(Saved entries)
◇ ◇ ◇ ◇ ◇
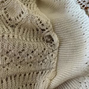 White crocheted y2k bolero. Cap sleeves, cropped cut, flipped collar. Little hole under the collar- can’t tell when wearing. Made in the USA. 100% acrylic. Y2K brand Wet Seal. Size small.
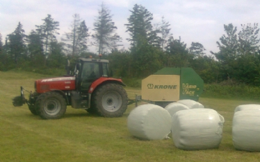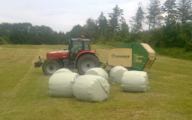 Vi tilbyder presning af rundballer med vores Krone 1800. Vi tilbyder også efterfølgende wrapning af ballerne hvis det ønskes.
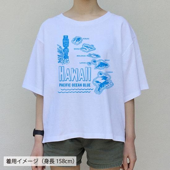 守護神ティキを胸に。この夏のラッキーアイテムになるかも!?ハワイ6島のイラストに、守護神ティキ像をあしらった一枚。楽園ハワイを着こなそう!
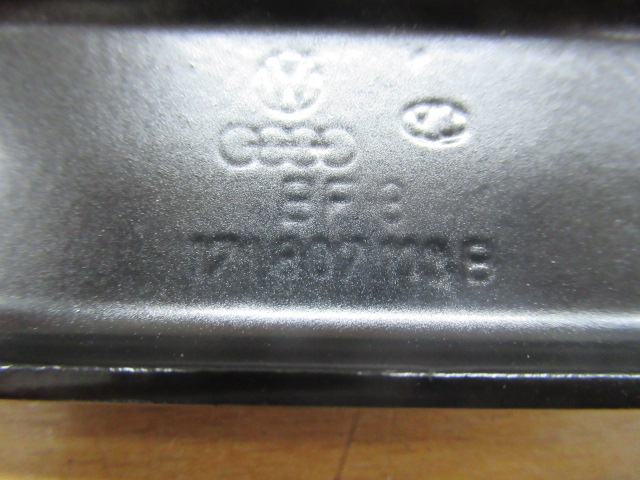 Bumpersteun 171807113B Artikel nummer: 171807113B Omschrijving: Bumpersteun Conditie*: B Prijs: €.35,00 sat / satz * A = nieuwstaat, B = gebruikt maar goed, C = met duidelijke gebruikssporen / beschadigingen Gestraald en gepoedercoat. Contact Terug naar overzicht
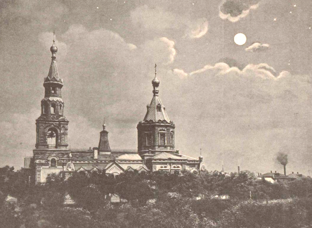А на місці нинішнього Вищого профтехучилища (раніше – ПТУ № 22) на той час ще жодних будівель не було. Там розташовувалося церковне кладовище. Ліворуч від нього, навпроти будівлі колишнього Заводського райвиконкому, знаходився Будиночок священника (на фото). Там жили настоятель та інші священнослужителі. До речі, стіни цієї оселі збереглися до наших днів. Їх приховує від очей перехожих будівля кафе «Сніжинка», яке зараз не працює.
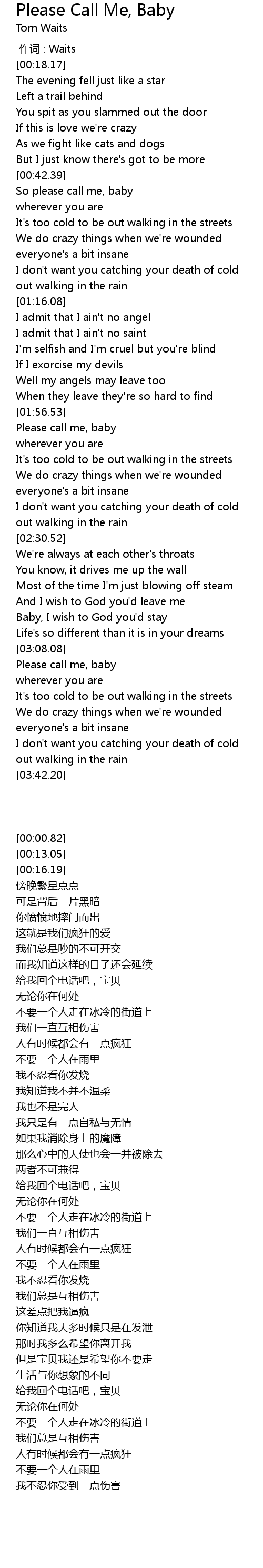 | [00:00.00] | 作词 : Waits |
◇ ◇ ◇ ◇ ◇
**Work required**
Your reply should hold every line above exactly as written and none of the pictures.

**Exercise result**
 White crocheted y2k bolero. Cap sleeves, cropped cut, flipped collar. Little hole under the collar- can’t tell when wearing. Made in the USA. 100% acrylic. Y2K brand Wet Seal. Size small.
 Vi tilbyder presning af rundballer med vores Krone 1800. Vi tilbyder også efterfølgende wrapning af ballerne hvis det ønskes.
 守護神ティキを胸に。この夏のラッキーアイテムになるかも!?ハワイ6島のイラストに、守護神ティキ像をあしらった一枚。楽園ハワイを着こなそう!
 Bumpersteun 171807113B Artikel nummer: 171807113B Omschrijving: Bumpersteun Conditie*: B Prijs: €.35,00 sat / satz * A = nieuwstaat, B = gebruikt maar goed, C = met duidelijke gebruikssporen / beschadigingen Gestraald en gepoedercoat. Contact Terug naar overzicht
А на місці нинішнього Вищого профтехучилища (раніше – ПТУ № 22) на той час ще жодних будівель не було. Там розташовувалося церковне кладовище. Ліворуч від нього, навпроти будівлі колишнього Заводського райвиконкому, знаходився Будиночок священника (на фото). Там жили настоятель та інші священнослужителі. До речі, стіни цієї оселі збереглися до наших днів. Їх приховує від очей перехожих будівля кафе «Сніжинка», яке зараз не працює.
 | [00:00.00] | 作词 : Waits |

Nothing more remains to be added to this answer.